=== DESCRIPTION OF THE TASK ===
From the line containing "A ceramic bunny" to the end of the records below, both included, every line should be repeated exactly; pictures should be dropped.

=== RECORDS FOR THE TASK ===
"""

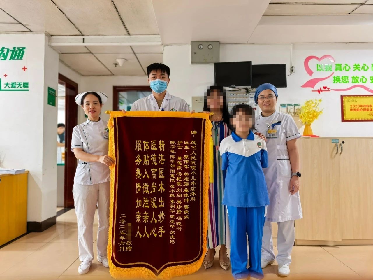 再次来到茂名市人民医院小儿外/疝外科的小涵(化名),目光落在那张熟悉的3号病床上,床单被褥平整如新,仿佛两周前那个蜷缩在床上疼得打滚、发抖的小女孩不是她。这次,她不是来看病的,而是专门来感谢这里的医生和护士们。小涵的家长也陪伴在旁,眼中满是动容与感激。他们手里紧紧拿着一面写有“医德高尚暖人心,医术精湛传四方”的锦旗,郑重地送给了小儿外/疝外科的医护团队。
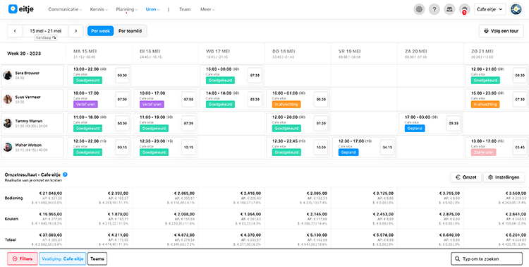 - Je hebt in Eitje direct inzicht in je financiële gegevens en gemaakte omzet.
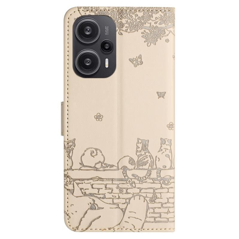 For Xiaomi Poco F5 Cat Embossing Pattern Leather Phone Case with Lanyard(Beige)
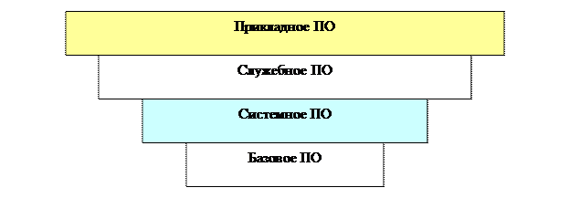 Программное и аппаратное обеспечение в компьютере работают в неразрывной связи и в непрерывном взаимодействии. Между программами, как и между физическими узлами и блоками существует взаимосвязь – многие программы работают, опираясь на другие программы более низкого уровня. Уровни программного обеспечения (ПО) представляют собой пирамидальную конструкцию. Каждый следующий уровень опирается на программное обеспечение предшествующих уровней (рис.1).
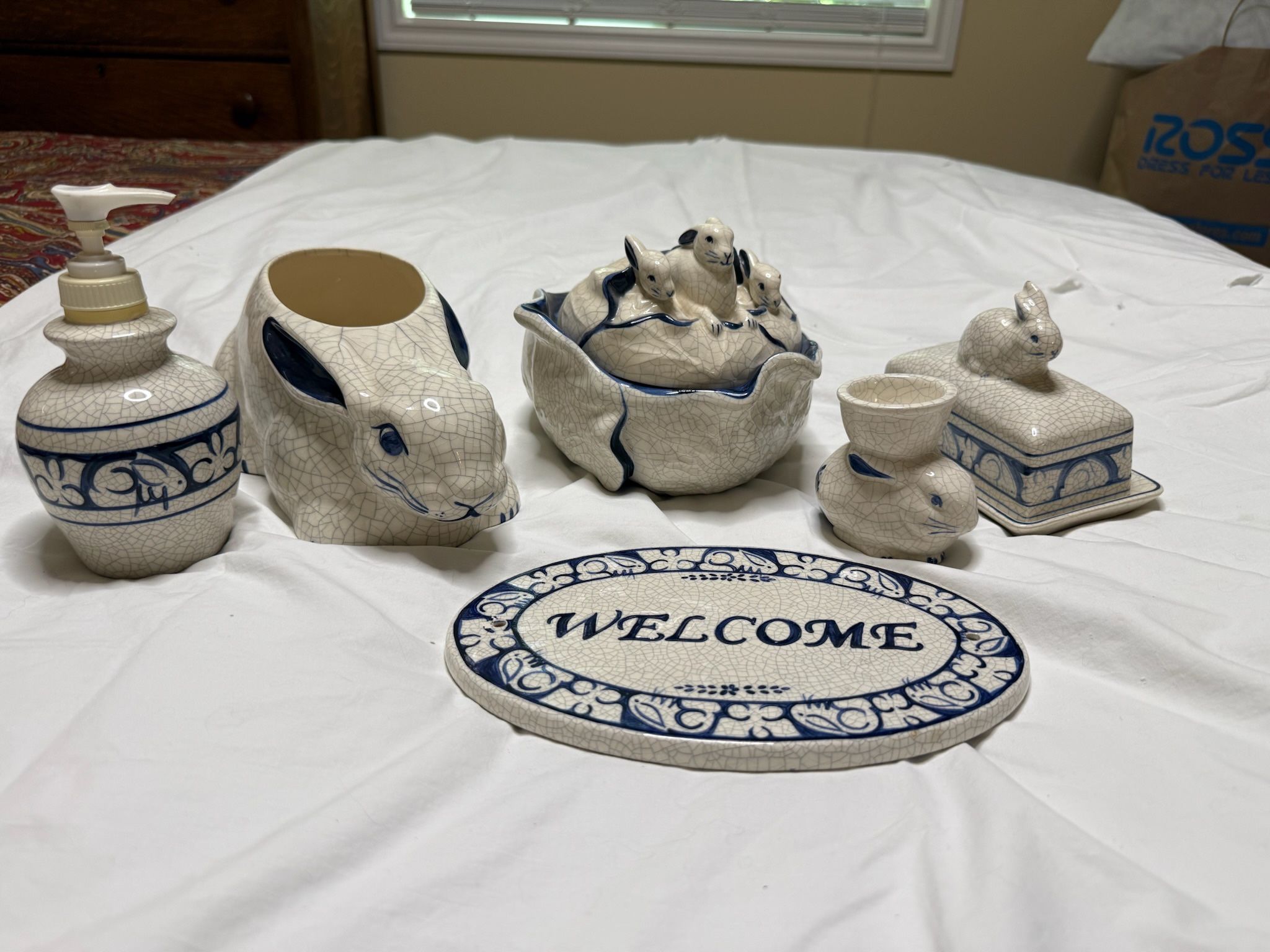 A ceramic bunny welcome sign, a bunny butter tray, a bunny egg carrier, a ceramic bottle with pump top, a large bunny-shaped bowl , and a covered bowl with a bunny family figurine on the lid.
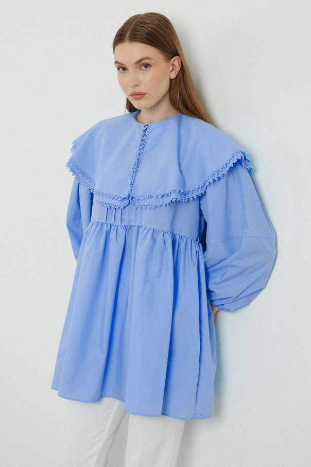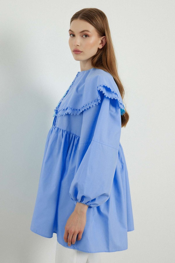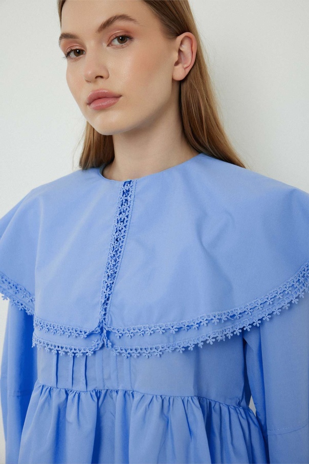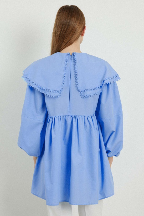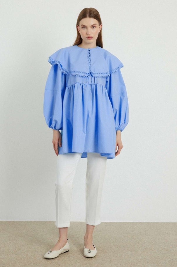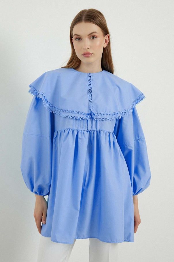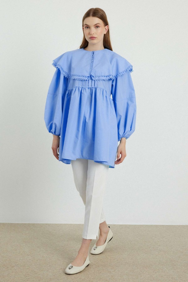 Yakalı Mavi Poplin Tunik

"""

=== PROBLEM SOLUTION ===
 A ceramic bunny welcome sign, a bunny butter tray, a bunny egg carrier, a ceramic bottle with pump top, a large bunny-shaped bowl , and a covered bowl with a bunny family figurine on the lid.
 Yakalı Mavi Poplin Tunik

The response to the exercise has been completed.